"Windelfrei? Das is' nichts für mich! Da darf ich keine Windeln benutzen und hab ständig irgendwo eine Sauerei. Das ist mir viel zu anstrengend."
So oder so ähnlich zweifeln (werdende) Eltern an der Praktikabilität von Windelfrei und scheuen sich, es auszuprobieren.
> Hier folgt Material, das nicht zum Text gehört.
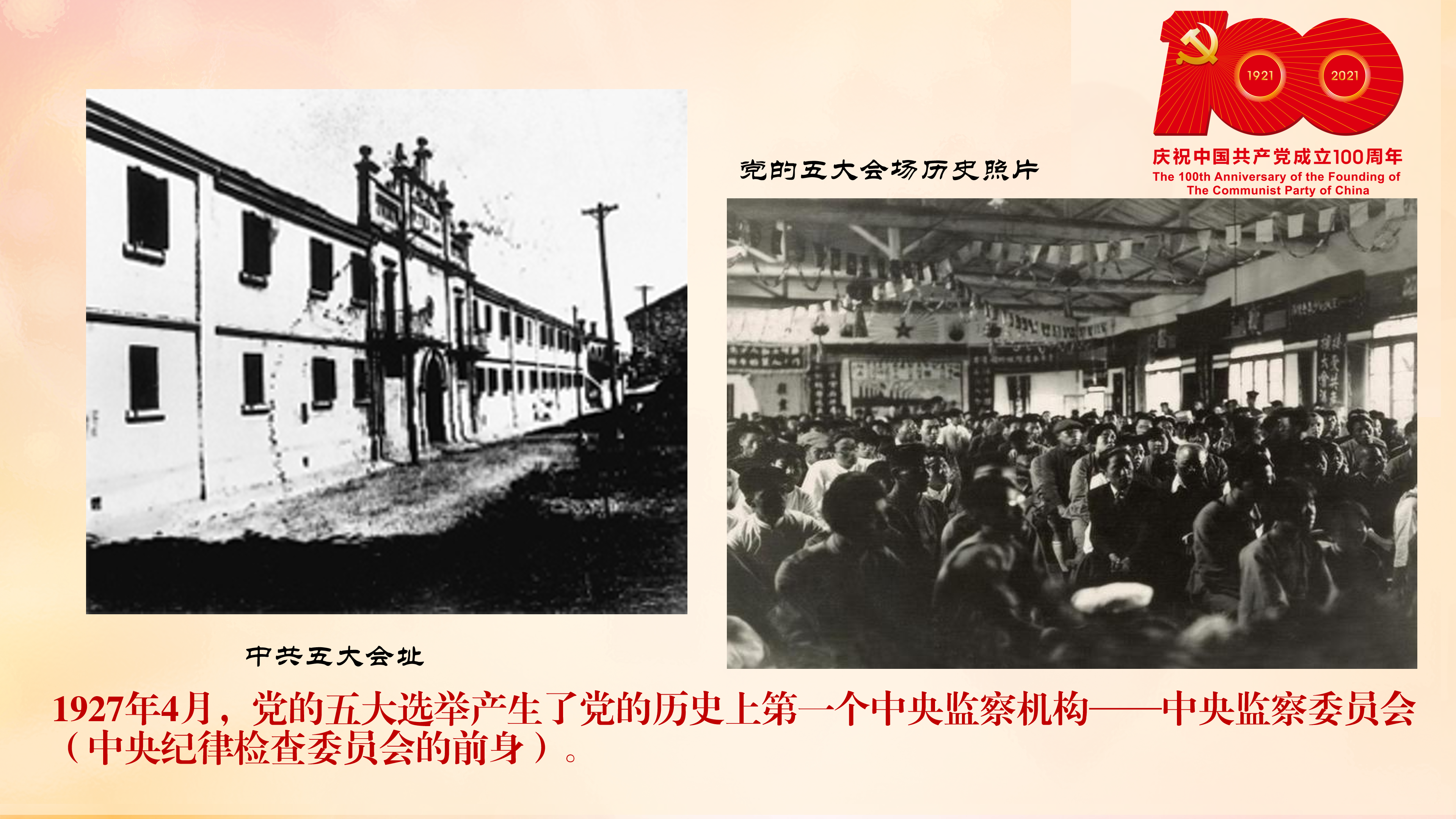 1927年4月,中国共产党第五次全国代表大会设立中央监察委员会,并选举了中央监察委员会委员。这是中央纪律检查委员会的前身。

Der Begriff "Windelfrei" ist diesbezüglich auch etwas irreführend, weil er die Abwesenheit von Windeln vermittelt. Und keine Windeln ist für die meistens Menschen unserer westlich geprägten Gesellschaft undenkbar, sind wir doch mit vollzeitgewickelten Babys um uns herum - uns eingeschlossen - aufgewachsen. Und was der Bauer nicht kennt, das isst er bekanntlich auch nicht. So ist es mit Vielem und eben auch mit diesem neumodischen Dings von Windelfrei. Kenn ich nicht, mach ich nicht.
Treffender als das Wort Windelfrei sind die Begriffe topffit und Ausscheidungskommunikation, im Englischen sind es infant potty training oder elimination comunication. Insbesondere der Begriff Ausscheidungskommunikation sagt schon nichts mehr über die An- oder Abwesenheit von Windeln aus. Hier geht es um etwas völlig anderes - nämlich um die Kommunikation mit deinem Baby über ein sonst unter den Teppich gekehrtes Grundbedürfnis aller Menschen: die Ausscheidung. Kommunikation also - in Verbindung sein.
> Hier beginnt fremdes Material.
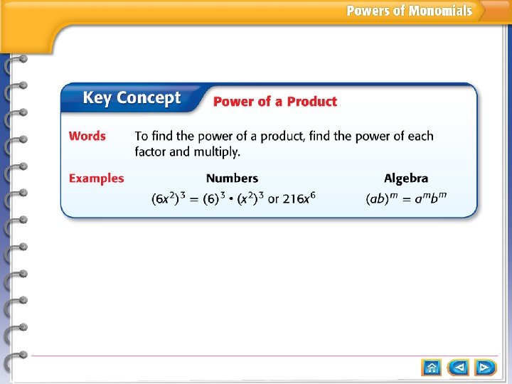 Main Idea Key Concept: Power of a Power Example 1: Find the Power of

Windelfrei ist aber kein Dogma und folgt keinem strikten Programm. Wenn du Windelfrei praktizieren willst, heiß das nicht, dass du ohne Windeln auskommen musst. Es heißt auch nicht, dass du
irgendetwas zu 100% durchziehen musst. Das Leben ist ja schließlich Veränderung und gerade mit Babys und Kindern verändern sich die Dinge so schnell und auch ziemlich oft.
Genau so verhält es sich mit dem Abhalten. Manchmal klappt es gut, manchmal klappt es nicht. Manchmal probiert man etwas aus, das eine Zeit lang gut geht und dann geht es plötzlich nicht mehr.
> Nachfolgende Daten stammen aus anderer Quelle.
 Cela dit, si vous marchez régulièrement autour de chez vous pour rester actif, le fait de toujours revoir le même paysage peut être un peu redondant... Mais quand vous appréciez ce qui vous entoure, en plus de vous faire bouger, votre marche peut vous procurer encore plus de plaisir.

Dann passt man es an oder findet neue Möglichkeiten, probiert wieder was anderes, ...
Für die einen reicht es, das Baby einmal am Tag (z.B. morgens nacht dem Aufwachen) abzuhalten und die restliche Zeit Windeln zu tragen, für die anderen stellt es sich in mehreren Situationen des
Tages als praktikabel heraus. Es gibt Eltern, die gänzlich auf Windeln verzichten (aber die sind in Deutschland eher die Ausnahme). Die meisten Eltern in unserer westlichen Gesellschaft
kombinieren das Abhalten mit Windeln oder sogenannten Backups. Letztere sind minimalistische Stoffwindeln, die ein Pipi oder Großes Geschäft auffangen, wenn man es doch mal nicht
rechtzeitig bis zum Abhalteort geschafft hat. Danach werden sie meist direkt gewechselt. Sie helfen vielen Eltern dabei, gelassen zu bleiben, da Kleidung und Umgebung sauber bleiben.
Die Windelfrei-Praxis sieht somit für jede Mutter/Vater-Baby-Beziehung anders aus, sie wird individuell gestaltet und angepasst. Und das ist auch gut so.
Du darfst also selbstverständlich Windeln benutzen, welche auch immer du aus deinem ganz persönlichen Grund bevorzugst. Du darfst sie weglassen, so oft oder so wenig du willst. Finde einen Weg, der für euch stimmig ist.
Also bleib ganz gelassen! Sieh es als ein Experiment, das Spaß macht, probiere es einfach aus und finde deinen Weg.